The United States has always attracted immigrants who come to eat more luxurious food, which often means meat, according to Amy Bentley, associate professor of food studies at New York University-Steinhardt.
"Because it's been such a wealthy and abundant country, we can chose what foods we eat," Bentley said. "We chose not to consume all parts of animal, and not eating horse has always been one of our choices."
Bentley said Americans have strong historic ties to Great Britain, which prizes horses.
"We don't like to eat our pets and Americans anthropomorphize their pets," Bentley said. "We are close to horses in a way we aren't to pigs or cows and goats."
There may be a more practical reason why early Americans didn't eat horses. They didn't taste too good, according to Martha Carlin, professor of history at the University of Wisconsin, Milwaukee.
Carlin notes that horses were commonly used as both transportation and to pull farm equipment.

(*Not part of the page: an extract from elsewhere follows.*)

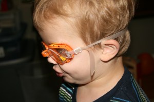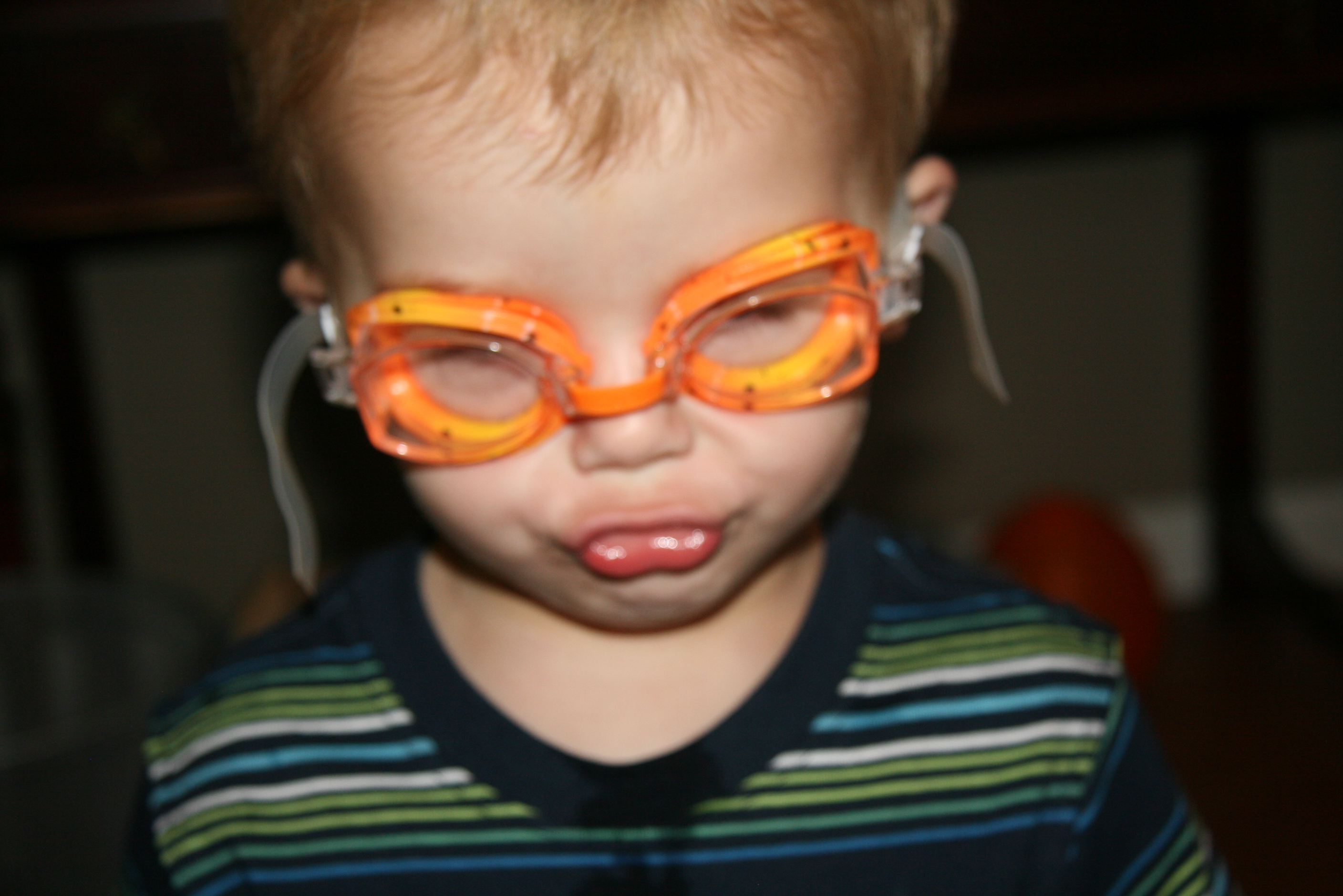 And now a little about Davey. We got him some new googles to wear to the water park. He loves them. The first photo is a little blurry, but I wanted to show how he always wants to hold his mouth as he gets used to his new goggles. I included a profile pic as well!

That means they were more valuable as beasts of burden than sources of food. Horses also have relatively long lifespans compared to a pig or sheep, for example.
"If you had a horse and worked it for 15 or 20 years and then if you slaughtered it, its meat would probably be pretty tough," Carlin said.
Carlin said the tradition of eating horse in France, Belgium and Switzerland never made it to the new world. She tried a sample once at a friend's home in Switzerland.
"It tastes like a quite good beefsteak," she said.